An outdated idea about solar panels has been slowing advancement: study - xbmcuser
https://www.inverse.com/article/59404-solar-panel-replacement
======
ASalazarMX
Alternative title: "Why don't we make solar panels last 10-15 years instead of
20-25?"

How about no. The technology improves in very small increments, there's no
need to replace panels for a 3-5% gain. This smells of wanting programmed
obsolescence because the current growth rate will stabilize in the future.

------
thefj
_In recent years, the price of solar panel technology has been driven down,
but the cost of labor and installation hasn’t. As the framework technologies
go out of date within a 25-year period, individuals and companies are facing
larger costs when they are required replace both the framework system and the
panels themselves every 25-30 years in order to install entirely new systems.
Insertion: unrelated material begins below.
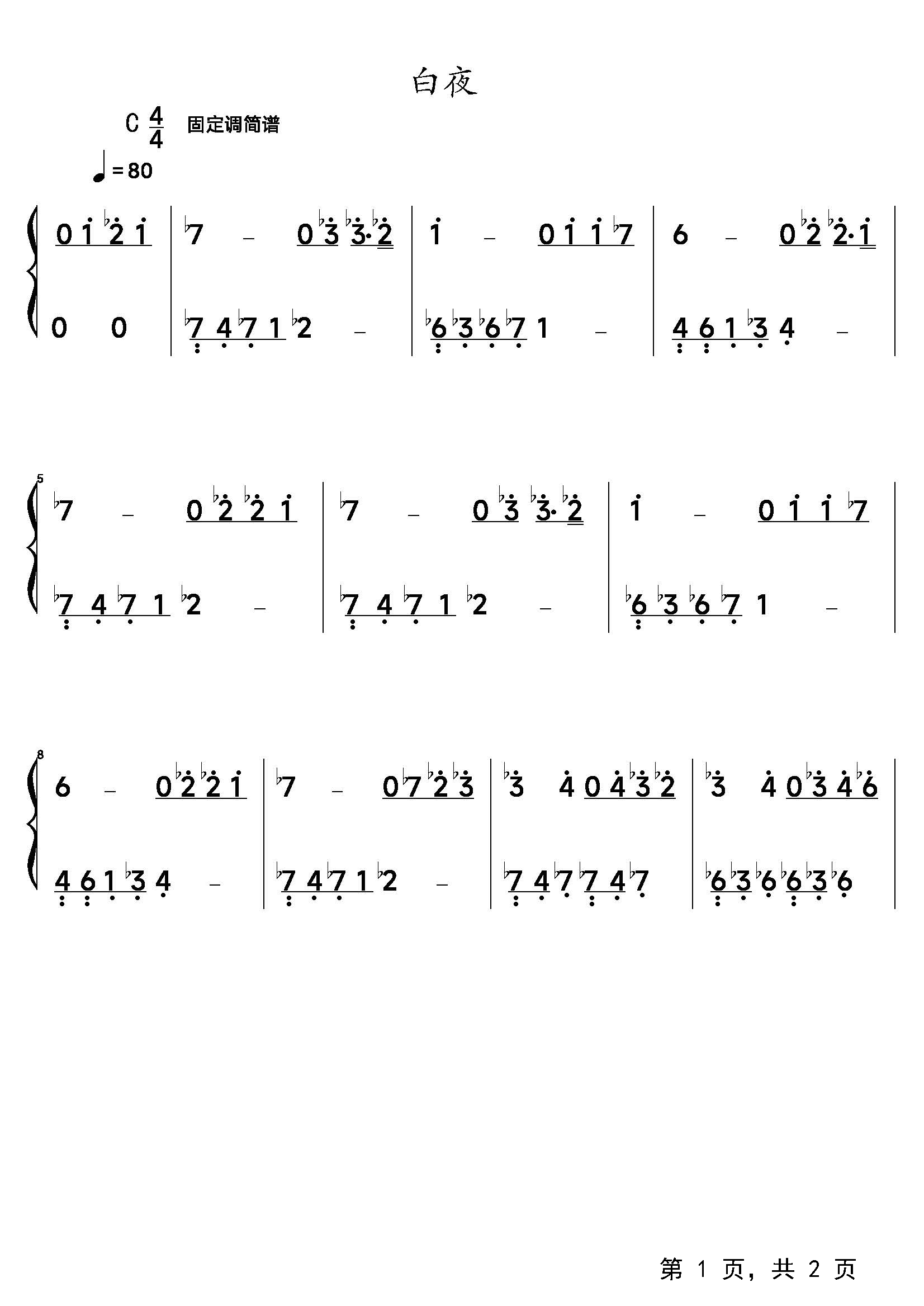 作品分类:流行钢琴简谱

In contrast, the authors write that replacing panels more often with newer and
more advanced models would allow cross-compatibility between the panels and
the system, allowing the framework itself to remain the same while new panels
are popped on and off._

So even though the installation and replacement labor is what's expensive,
they assume that some kind of cross compatibility will appear, and it will be
cheaper? Seems like quite a leap.

------
agoodthrowaway
The cost of installation is why I don’t have solar. While I agree 25 year life
is a limitation on adopting better panel technology, it’s hard to justify the
installation costs at shorter intervals.

------
robotron
Terrible mobile site.

------
Spooky23
In the HN hive mind, this makes solar even more deadly. With installers
falling off of roofs at a faster interval, the death rate per gigawatt will
grow.